Web browser opens to the URL
http://localhost:8888/tree
Then open a new Python notebook.

Neo4j

I'm running Neo4j Community version 3.2.3 on a Mac. I start the client GUI and then open a browser window to
http://127.0.0.1:7474/browser/

Connect Jupyter to Neo4j

from py2neo import authenticate,Graph, Node, Relationship
authenticate("127.0.0.1:7474", "neo4j", "asdf")
graph = Graph("http://127.0.0.1:7474/browser/")
graph.delete_all()

For more, see this notebook.

Saturday, August 4, 2018

Neo4j for the Physics Derivation Graph

I've been focusing my efforts on the interactive user prompt, a Python-based CLI for the Physics Derivation Graph. Effectively, I'm working through a finite state machine with associated actions for each option. (Tangential task: a pictorial representation of the state machine would be useful.)

I've use Neo4j for other tasks associated with knowledge representation, so I'm surprised I haven't considered property graphs for storing the PDG (there's no mention in my old notes or issues or anything meaningful besides a generic link on the wiki.)

One of the potential benefits of using a property graph over a normal graph is the labeling of edges. Currently when there are multiple input expressions or feeds to an inference rule, it's not clear which input is referenced. For example, consider "IntOverFromTo" which has the LaTeX expansion, "Integrate Eq.~\ref{eq:#4} over $#1$ from lower limit $#2$ to upper limit $#3$." There are three feeds. Without labeling which feed is which, the substitution is undetermined.

With a property graph, the inference rule would have pre-defined labeled edges, ie "lower_limit" and "upper_limit" and "integrate_wrt."

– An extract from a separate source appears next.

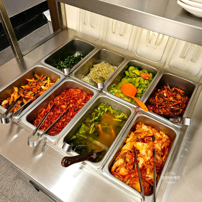 또한, 이곳의 반찬도 빼놓을 수 없어요. 여러 가지 종류의 반찬이 제공되는데, 특히 김치와 나물 반찬이 정말 맛있어요. 반찬은 셀프 서비스로 제공되며, 원하는 만큼 가져갈 수 있어요.
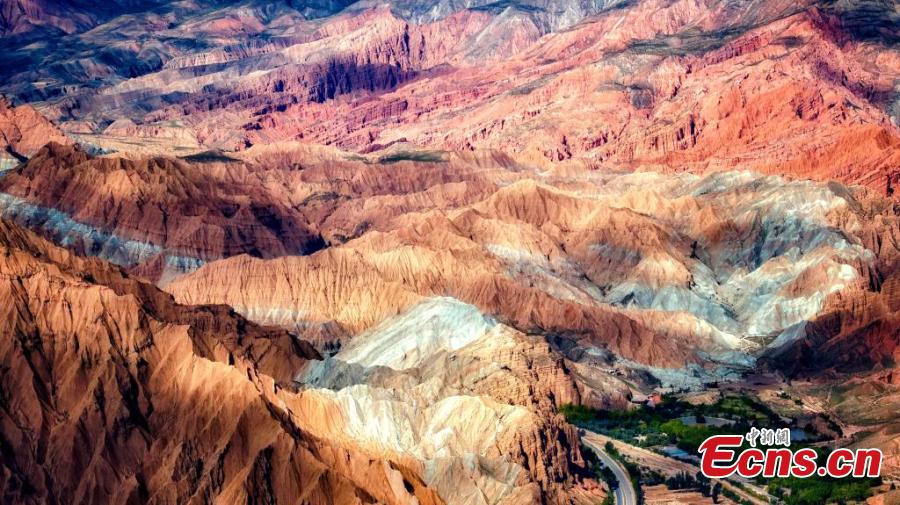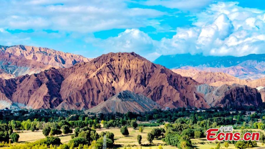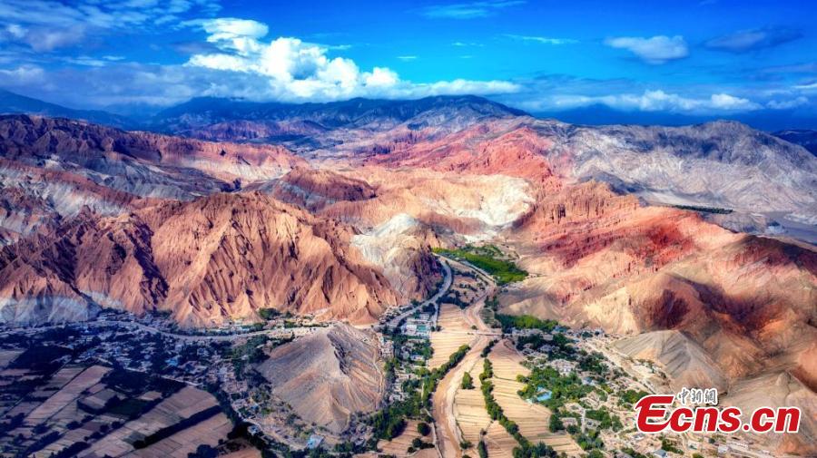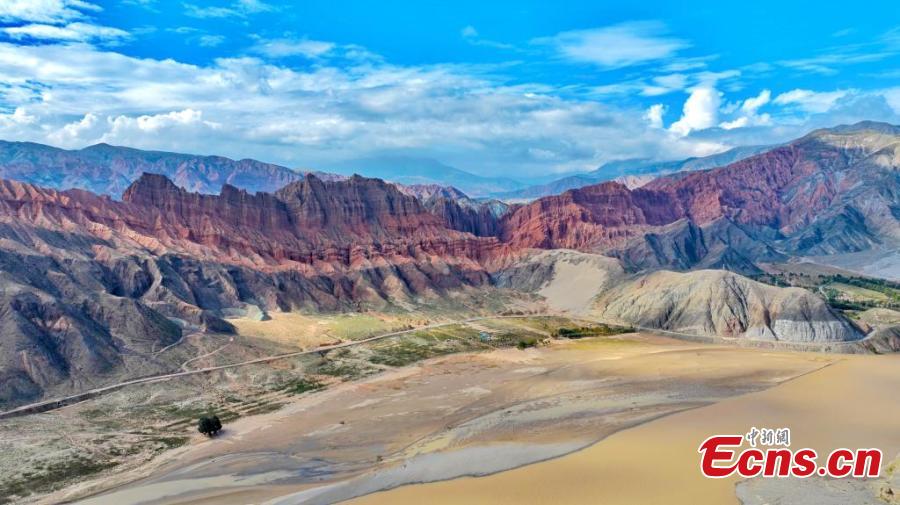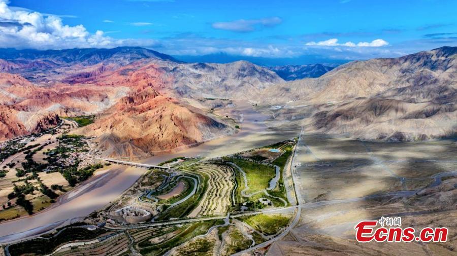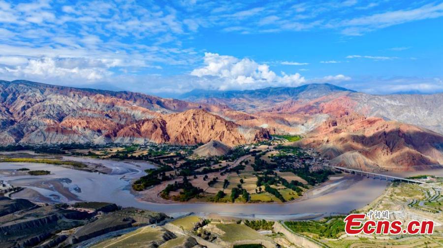 Magnificent scenery of Danxia landform with the Yellow River passing through a canyon in Guide County, the Tibetan Autonomous Prefecture of Hainan, northwest China's Qinghai Province. (Photo: China News Service/Song Zhongyong)

Benefits to using the property graph include
  • visualization tools are more likely to exist, rather than me having to code up a d3js-based web display.
  • querying and editing the graph uses standard syntax, rather than relying on me creating a Python-based CLI with pre-set abilities. 
  • the current data structure is a list of dictionaries in memory and a set of CSV files in directories; using Neo4j I wouldn't need to manage the data structure and could still translate back to plain text
  • adding additional properties (ie LaTeX for expressions versus SymPy, comments, weblinks) would be more scalable than the current data structure and schema which is manually crafted.
  • cross-platform compatibility is not lost



Thursday, August 2, 2018

cleaning up the code using pylint and flake8 and bandit

I realized with so much Python, there's a need to clean up the code.
https://www.youtube.com/watch?v=G1lDk_WKXvY
In this post I document a few software tools I used.

Pylint

$ pylint interactive_user_prompt.py --disable bad-whitespace,missing-docstring,superfluous-parens,bad-indentation,line-too-long,trailing-whitespace,len-as-condition,too-many-locals,invalid-name,too-many-branches,too-many-return-statements,too-many-statements --reports=n

and flake8

$ flake8 --ignore=E111,E225,E231,E501,E226,W291,E221,E115,E201,W293,E261,E302,E265 interactive_user_prompt.py

Not surprisingly, some of my functions are complicated (a score of greater than 10 is frowned upon)
$ python -m mccabe --min 9 interactive_user_prompt.py | wc -l
      15
$ python -m mccabe --min 15 interactive_user_prompt.py | wc -l
       4
So 15 functions scored 9 or greater; 4 functions were 15 or higher!

That's out of 50 functions and 1946 lines of Python (including comments and blank lines) $ cat interactive_user_prompt.py | wc -l
    1946
$ cat interactive_user_prompt.py | grep "^def " | wc -l
      50

Although I'm not concerned about security of a locally run Python script, I also tried bandit:
$ bandit -r interactive_user_prompt.py
which complained about my use of the shell.

I'm aware of autopep8 but haven't used it yet.